Please whitelist the following domains for legacy first-party cookie sharing:

  • wikipedia.org
  • wikimedia.org
  • wiktionary.org
  • wikibooks.org
  • wikiquote.org
  • wikisource.org
  • wikinews.org
  • wikiversity.org
  • mediawiki.org
  • wikivoyage.org

Please advise on the correct way forward for rearchitecting our SSO system.

Is it necessary for the user to interact with an iframe served by the central domain every time they wish to log in to a new registrable domain, as would seem to be implied by the requirement that requestStorageAccess() be initiated by a "user gesture", as documented at https://developer.mozilla.org/en-US/docs/Web/API/Document/requestStorageAccess ?

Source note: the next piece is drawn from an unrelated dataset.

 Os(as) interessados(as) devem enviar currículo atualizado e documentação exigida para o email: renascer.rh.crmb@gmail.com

The Bugbug bot thinks this bug should belong to the 'Core::DOM: Security' component, and is moving the bug to that component. Please revert this change in case you think the bot is wrong.

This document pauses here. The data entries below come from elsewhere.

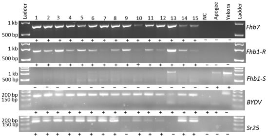 Gel electrophoresis images for the amplification of the five alleles (Fhb7, Fhb1_R, Fhb1_S as well as Bdv3 and Sr25) in our soft red winter wheat (SRWH) lines already harboring Fhb1-R allele. 15 tested lines are represented from number 1 to 15. The presence of the genes followed by gel electrophoresis is indicated by the (+) sign, while absence is indicated by the (−) sign. Water template was used as negative control (NC), while the wheat lines Apogee and Yekora were negative control for the Fhb7 as well as Fhb1-R, but the positive control for the Fhb1-S which is known to have a susceptible allele of the TaHRC.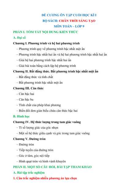 - Tailieugiaovien.com.vn giới thiệu bộ Đề cương ôn tập Toán 9 Cuối kì 1 theo cấu trúc trắc nghiệm mới gồm trắc nghiệm 4 lựa chọn, Đúng / Sai và trả lời ngắn Chân trời sáng tạo mới nhất nhằm giúp Giáo viên có thêm tài liệu tham khảo ra đề thi Toán 9.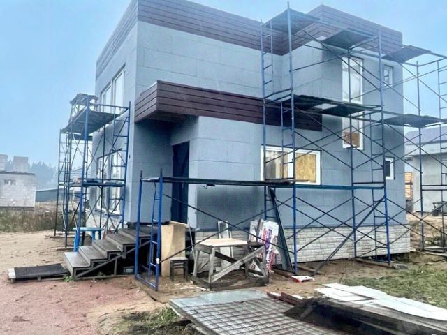 Двухэтажный дом построен по каркасной технологии в современном архитектурном стиле. Просторные помещения благодаря панорамным окнам всегда будут наполнены светом и воздухом.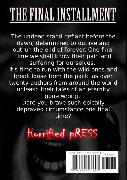 The undead stand defiant before the dawn, determined to outlive and outrun the end of forever. One final time we shall know their pain and suffering for ourselves. It's time to run with the wild ones and break loose from the pack, as over twenty authors from around the world unleash their tales of an eternity gone wrong. Dare you brave such epically depraved circumstance one final time?

Component: Untriaged → DOM: Security
Product: Firefox → Core
Component: DOM: Security → Privacy: Anti-Tracking

Hey, thank you for reaching out.

So, to be clear, in your case "broken" means that there is no automatic sharing of credentials across different domains, but otherwise logins on the individual sites with the same credentials work fine?

Your SSO seems to work slightly different than it does with the more common model of having an independent OAuth provider for otherwise unrelated sites. In your scenario, you assume that the user is comfortable with sharing login state between, say, wikipedia.org and wikivoyage.org implicitly, without requiring additional consent, because it's clear that these are related entities. That assumption is probably true, but I have to say that gaming the cross-origin boundary like this violates user expectations in various ways, for example when trying to clear cookies.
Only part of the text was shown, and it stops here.